The oil price has plummeted and the decline has not yet stopped. The price of gas is also moving downward. President Donald Trump celebrated his self-proclaimed 'liberation day' last Wednesday by imposing import duties on the entire world. A day later, the OPEC+ countries gave the oil price another blow by deciding to accelerate the increase in oil production.
Brent crude was at $2 a barrel on April 74,95. At the time of writing (Wednesday afternoon, April 9), that is $60,22, a decrease of 19,65%. The last time the price was this low was February 2021.
Trump’s trade war has erupted in full force. Last week, the US president imposed additional import duties on China of 34%. Together with the 20% he had already imposed, the import duties came to 54%. The country retaliated with an import tariff of 34% on the US, in response to which Trump raised the import duties on China again, to a whopping 104%. The counter-reaction to this came today: China is also adding an additional 50% to the tariffs, bringing them to 84%. In addition, the country is blacklisting even more American companies.
Today, EU countries also decided on countermeasures, according to the European Commission statement, against the 25% tariffs on steel and aluminum announced in March (not the 20% tariff on most goods announced last week). The EU is not going in with a straight leg like China. The list has not yet been released, but media reports say a leaked list shows that American whiskey, wine, bourbon and dairy (which were on the draft list) are exempt. Other goods, including corn, rice, poultry and soybeans, would be subject to import duties of 10% to 25%.
Amidst the trade war came the OPEC+ with the decision to accelerate the reduction of the voluntary production restriction - which has been gradually phased out since this month. This will bring more oil onto the market.

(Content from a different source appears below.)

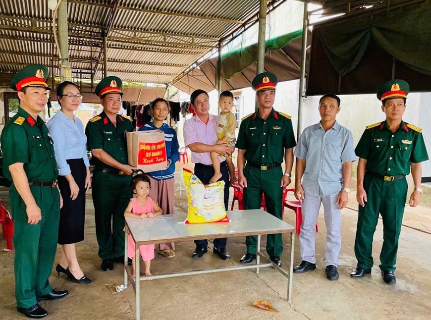 | Chỉ huy Sư đoàn 9 trao quà tặng gia đình có hoàn cảnh đặc biệt khó khăn. |

In combination with the concerns about the economy, especially in the US and China but also elsewhere in the world, this is putting pressure on oil prices.
Bloomberg news agency quotes from a report by investment bank Goldman Sachs, which stated in an analysis this week that in an "extreme and less likely scenario" in which OPEC+ countries completely roll back production cuts, the trade war erupts in full force and thus puts a brake on global GDP, the oil price could fall below $2026 per barrel by the end of 40.
The price of diesel is also falling: on April 3, diesel cost €124,32 per 100 liters (from 4.000 liters), on April 9 this was €116,54 per 100 liters.
Gas price moves down
Dutch gas reserves are now almost 22% full, according to data from Gie/Agsi. Slightly more than the 21% last week, but a lot lower than the EU total of 34,95% (which is also slightly higher than last week). For two weeks, the gas price remained fairly stable around 42 per MWh on the TTF, but in the last week the price dropped to €34,00 per MWh on Wednesday afternoon.
Few hours with negative electricity price in recent days
On the electricity pot market EPEX, the average price per day varied from €35,58 per MWh (6 April) to €91,16 per MWh (7 April). Today there was not a single hour with an average negative electricity price, yesterday it was one hour and Monday two hours. This indicates that there has been relatively little supply of solar and wind energy in recent days.
CO2 emissions from energy sector not falling further
According to the Dutch energy sector, CO2 emissions last year de Dutch Emissions Authority (NEA) did not decrease further. In previous years, energy was largely responsible for a decrease in CO2 emissions. In 2024, emissions from Dutch companies in the European Emissions Trading System (EU ETS) will have increased.
This is partly due to the so-called dunkelflaute (period with cloud cover, no wind) at the end of the year. At that time, coal and gas-fired power stations produced more to compensate for the loss of solar and wind energy, according to the NEA. Over the whole of 2024, the four Dutch coal-fired power stations actually produced less electricity. The two power stations that produce steam for Tata Steel, Vattenfall Power Velsen and Vattenfall Power IJmond, have operated harder this year due to increased steel production.
Households have lower energy bills
An average household will spend €2025 per year on its energy bill based on January 2.065 prices, the CBS reports. That is €43 less than when calculating with January 2024 prices. The statistics agency explains the decrease by lower prices, combined with a slightly lower estimated electricity consumption for 2025. According to the CBS, gas consumption will increase in 2025.